Since protests in Chile erupted over a subway fare increase in early October and morphed into broader demonstrations over income equality, inadequate public services and high household debt, at least 26 people have died and 13,500 have been injured.
Of those hurt, more than 220 eye injuries have been documented by Chile’s National Human Rights Institute, an official and independent body. The main cause: pellets fired from 12-millimetre shotguns. The second cause: flying tear gas cartridges.
The Health Ministry reported on Nov. 17 that 16 people have lost eyesight in one eye and 34 others had “severe eye injuries that could result in partial or total eyesight loss,” Human Rights Watch outlined in a Nov. 26 report calling for police reform.
“For at least 12 victims, the damage to the cornea, iris and optic nerve has been so severe that doctors have had to remove the eye completely,” the New York Times reported in November. “A bandaged eye is now so common among people protesting inequality in Chile that it has become a rallying symbol.”
The newspaper’s reporters documented visiting the waiting room of a local hospital.
“An 18-year-old mechanics student lay on a stretcher worried whether the pellet inside her closed and swollen left eye would leave her blind,” the paper wrote. “A 46-year-old ironworker who was protesting the low minimum wage waited for an implant in his now empty right eye socket. A mother wiped a trickle of blood seeping from her son’s new prosthetic eye as he described the moment a police officer shot him.”
Human Rights Watch said the use of shotguns “that scatter pellets indiscriminately over a wide area with the potential to harm anyone in their path is of particular concern … While initially concentrated within a small radius as they are fired, the pellets contained in the cartridges expand away from each other, to create a constellation of projectiles that can reach several decimetres in radius within a few metres of being fired.”
Often called “rubber bullets” — the pellets are actually “as hard as the wheel of a shopping cart,” HRW says.
A team of independent experts appointed by the United Nations Human Rights Council claimed on Nov. 8 that “the high number of wounded and the way in which non-lethal weapons have been used seem to indicate that the use of force was excessive and violated the requirements of necessity and proportionality.”

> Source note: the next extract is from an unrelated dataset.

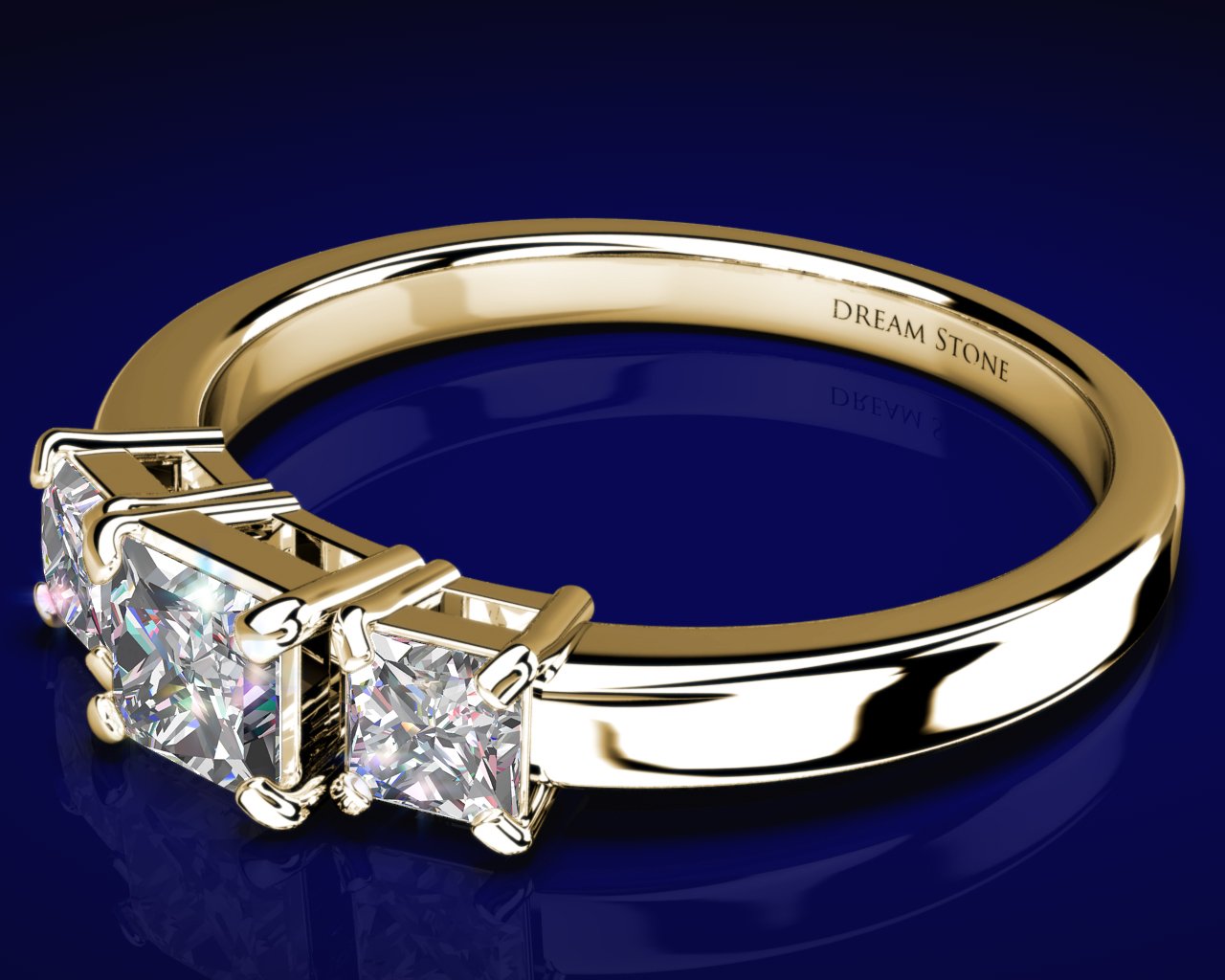 THREE-STONE PRINCESS-CUT DIAMOND ENGAGEMENT RING in 14K Yellow Gold

Chile’s police force finally suspended the use of “non-lethal” pellets on Nov. 19 — a day after a study by the mechanical engineering faculty at the University of Chile said 80% of the pellets are silica, barium sulphite and lead, and only 20% rubber.
HRW points to 442 criminal complaints through Nov. 21 that have been filed with prosecutors on behalf of victims “alleging police-inflicted injuries, cruel treatment, torture, sexual violence, attempted killings, and killings.” The Attorney General’s office is investigating 26 deaths. “There are hundreds of worrying reports of excessive force on the streets and abuse of detainees,” states Jose Miguel Vivanco, HRW’s America’s director. “This is precisely why police reforms are urgently needed.”
But police reform is just a start. Much more needs to be done. In terms of income inequality, the Organization for Economic Cooperation and Development ranks Chile as the most unequal of its 36 member states. President Sebastian Pinera has promised a referendum in April 2020 on writing a new Constitution to replace the one penned more than 40 years ago under Chilean dictator Augusto Pinochet (see story on Page 6). Pinochet, with input from U.S. free-market economists from Chicago, embarked on cuts to social spending and a massive privatization spree of state businesses, many of which ended up in hands of the country’s elite. Mining giant SQM was acquired by a group of investors led by Pinochet’s former son-in-law, Julio Ponce Lerou.
“Today, the country’s wealth is largely in the hands of a few families who own mining, retail, finance, forestry, and other interests,” the Wall Street Journal reports. “Two supermarket chains account for about two-thirds of retail sales, three pharmacies have 95% of that market, and three private companies manage the pension funds of more than three-quarters of the country’s contributors.”
Pinera, whose net worth is US$2.8 billion according to Forbes, declared during a state of emergency address on Oct. 18 that the country is “at war against a powerful enemy.”
But lower- and middle-income Chileans say it’s time for change and a new social contract.